Michael BaileyIt takes a lot to shock someone in the superannuation industry these days, but Jeremy Cooper did the trick with his address to the ASFA luncheon in Sydney last month. The moment you could actually hear the jaws drop was when the ASIC deputy chairman, who’s now running Chris Bowen’s ‘super review’, lumped in those long-suffering funds managers with…real estate agents. And worse, investment bankers.

“These are just about the only professions that still charge a flat percentage fee. So as a funds manager’s assets go up, scale does not decrease the fees, they actually just keep going up…My bones tell me this is an issue.” And Cooper made no bones about listing a few other shortcomings in the superannuation industry.

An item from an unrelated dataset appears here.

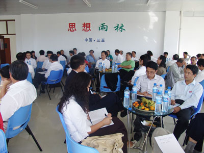 培训会现场围着茶几、吃着水果,本学期最后一次干部培训1月19日下午在图书馆三楼思想雨林活动室拉开了序幕。 与暑期培训不同,这一次的培训从物资供应处牟暄老师讲《明史》开始,引发了一场关于历史、文化、宗教、信仰的大讨论。大家从各自不同的学科背景出发,自由表达自己的观点,现场气氛十分活跃。 讨论结束后,院党委书记、执行院长陆丹教授对大家的发言一一做了点评,并鼓励大家多关心社会热点问题,多关心学生关心的问题,多思考专业以外的问题。一个大学里的职业化团队,应该有很多对大学、对人生、对专业的看法可以探讨。讨论历史的目的是为了以史为鉴,但不能在历史的窠臼中驻足不前,要跳出误区,要看到中国社会在社会主义市场经济形势下,正在探索着良好的发展道路及方法,进行全新的探讨。学院的执行文化已经取得了一些成绩,讨论文化还有待进一步展开,在弘扬讨论文化的同时需要大家保持理性、客观。 陆院长说,学院2008年发展将上一个新的台阶,“万人大学”的目标即将实现。出资人李书福先生一直希望能把三亚学院办成一所很好的大学,我们的老师要能面对社会的发展和需求,要使学生的培养能跟上社会发展的步伐。今年暑期培训已经使干部队伍的职业化素养有了很大改观,但这个目标并没有完成,伴随着新形势的到来,同志们不能懈怠。 广大干部也纷纷表示,将时刻谨记学院“有容乃大、不懈则优”校训,组织间互相包容、互相理解,时刻保持创业时的激情的自信,坚持职业化建设,杜绝集体平庸。

The “most egregious” fee-grab he’d seen was against hapless workers who’d landed in their employer’s default corporate master trust, had never received advice yet were still paying a commission on their compulsory contributions. So don’t expect that rort to continue. Playing the ‘wide-eyed innocent’ for maximum effect, Cooper also wondered aloud why super funds had no equivalent of an AGM, whether the AIRC’s granting of exclusive default super fund status in awards had been a sufficiently transparent process, why trustees had let funds managers introduce performance fees with no reduction in the base fee, and why super fund members didn’t band together and form the equivalent of an Australian Shareholders Association.

(Given just about everybody over fifteen has some kind of super or pension account, I’d have said there was already a super member’s lobby group out there called ‘Parliament’, but I’m obviously mistaken.)

In proposing a solution to the ‘problem’ of percentage-based fees for funds managers, Cooper somewhat echoed Frontier’s Fiona Trafford- Walker in his proposal for a “fixed cost plus transparent margin” base fee, combined with a performance fee or penalty based on “a rolling five year comparison with an appropriate benchmark”.
Expect funds managers to take to the streets if this ‘flat fee’ idea starts to get legs.